Page MenuHomePhabricator

Deploy multi-tenant OpenSearch cluster as replacement for Elasticsearch
Open, MediumPublicFeature

Description

Replace the Toolforge Elasticsearch cluster with an OpenSearch deployment with multi-tenancy enabled. This will improve the isolation of tenants within the service.


Original feature request:

Currently, it looks like anyone with Elasticsearch credentials can make write requests on any index. And unlike toolforge redis, it is possible to list all indices, so using secret index names don't work out either.

Possible solutions:

  • Put elasticsearch behind an HTTP proxy
  • Allow write requests only if index name begins with tool name (or if the index name is legacy - to allow for migration)
  • OR disallow listing of index names (GET /_cat/ calls) so that secret index name prefixes could be used for access control

Event Timeline

Some time ago, when I first started looking at a project which would use ES, I decided I was unable to use the Toolforge ES for exactly the reason @SD0001 describes. I didn't want to ingest my many GB of data only to have somebody delete it all with a single command. Plus I may not want to expose all my data to the world, or even WMF Cloud users.

When I enquired, I was told that due to licensing issues, Toolforge was actually running an elasticsearch fork called opensearch (see http://opensearch.org), but OS didn't support the multitennancy features needed to provide data isolation.

Roll forward a year or so. I've installed OS-2.11, which does have multitennancy support, on my VPS instance. I'd actually love to not be running my own OpenSearch. I suck at linux sysadmin, which the WMF SRE folks are expert at. Actually, I used to be very good at it, but it's been a while since I did it for real, so most of my skills in that department are stale. I'd rather be spending my time doing data analysis. It would be wonderful if a modern version of OpenSearch could be stood up in Toolforge, where I'm sure the WMF staff would do a far better job of administering it than what I've duct-taped together.

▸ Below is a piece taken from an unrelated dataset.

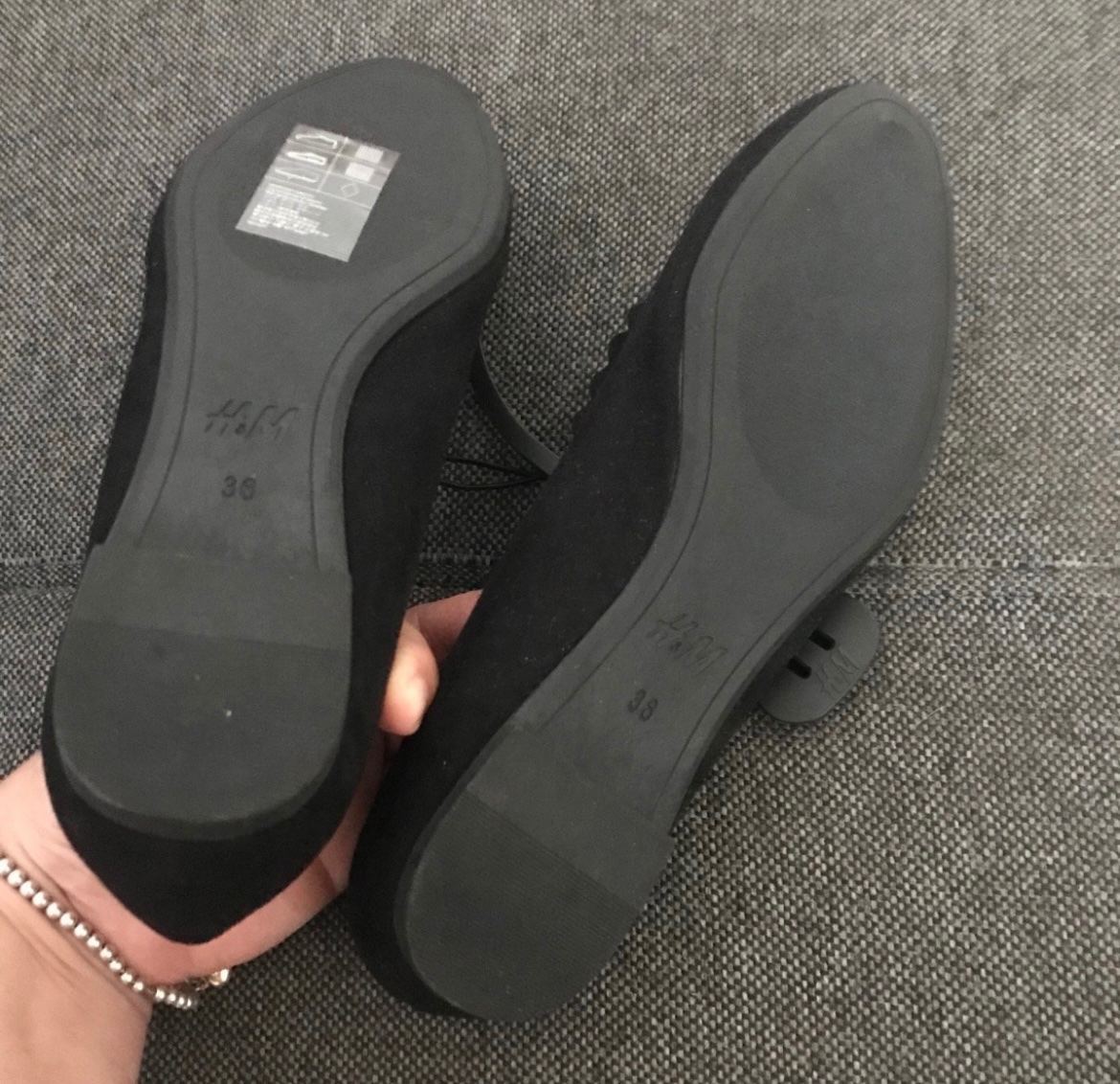 Čierne semišové baleriny, jednoduché, elegantné. Znacka H&M. Nosené, trošičku ošúchané špičky, no vidno to ozaj len z blízka. Viď detaily na fotkách. Inak v super stave. Ak máte nejaké otázky, ...

@bd808 following up to our conversation earlier today, it turns out this ticket already exists (and I had forgotten about it). I'll just add, per our conversation, that I'd be happy to work with a WMF team to get this up and running, sharing what I learned from my own experiences, and then hand over long-term ownership to the WMF team. If you could socialize this in the right places, I'd appreciate it.

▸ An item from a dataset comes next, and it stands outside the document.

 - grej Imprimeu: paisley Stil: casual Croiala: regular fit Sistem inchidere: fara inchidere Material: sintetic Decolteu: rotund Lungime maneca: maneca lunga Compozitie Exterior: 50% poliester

I'm going to be bold and suggest that we rewrite the root task here to be about deploying OpenSearch with multi-tenancy enabled. The reason our current cluster does not have true multi-tenancy is that the elastic.co offerings in that space were non-free (both libre and gratis). The OpenSearch fork has reimplemented these features under a FOSS license which presents us with an opportunity to solve this community feature request without needing to invent things from scratch.

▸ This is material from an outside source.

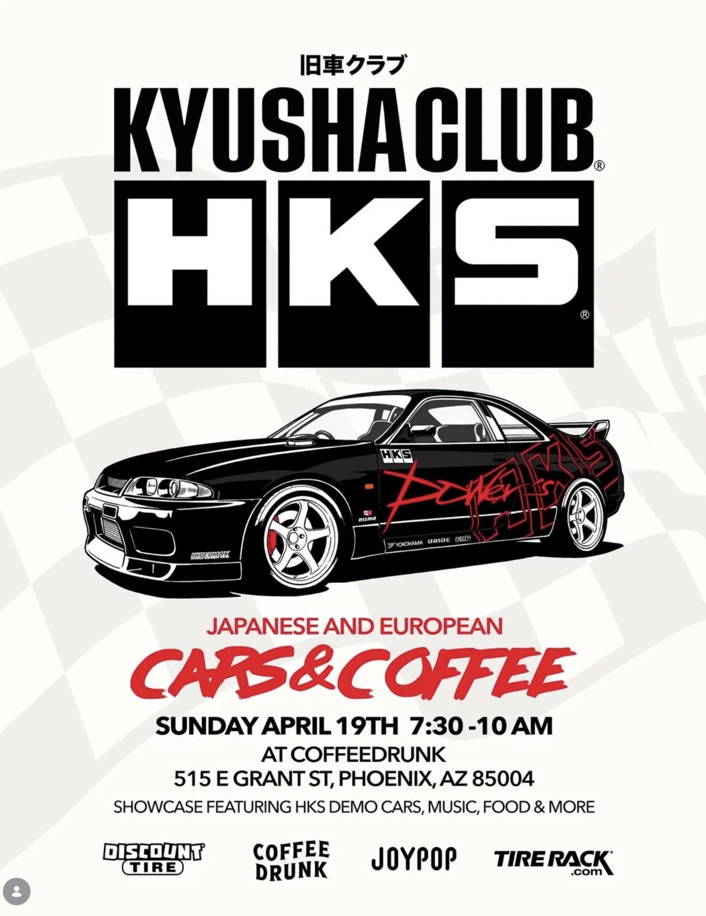 Kyusha Club cars & coffee Sunday, April 19, 2026 7:30 AM 10:00 AM Cofeedrunk 515 East Grant Street Phoenix, AZ, 85004 United States (map) Google Calendar ICS

bd808 renamed this task from Add access control for Toolforge Elasticsearch to Deploy multi-tentant OpenSearch cluster as replacement for Elasticsearch.Oct 7 2024, 1:23 PM
bd808 updated the task description. (Show Details)
bd808 changed the subtype of this task from "Task" to "Feature Request".
fnegri renamed this task from Deploy multi-tentant OpenSearch cluster as replacement for Elasticsearch to Deploy multi-tenant OpenSearch cluster as replacement for Elasticsearch.Oct 31 2024, 3:24 PM

Linking T379288 since we might explore security features too for the (upcoming) WMF internal opensearch cluster used for search.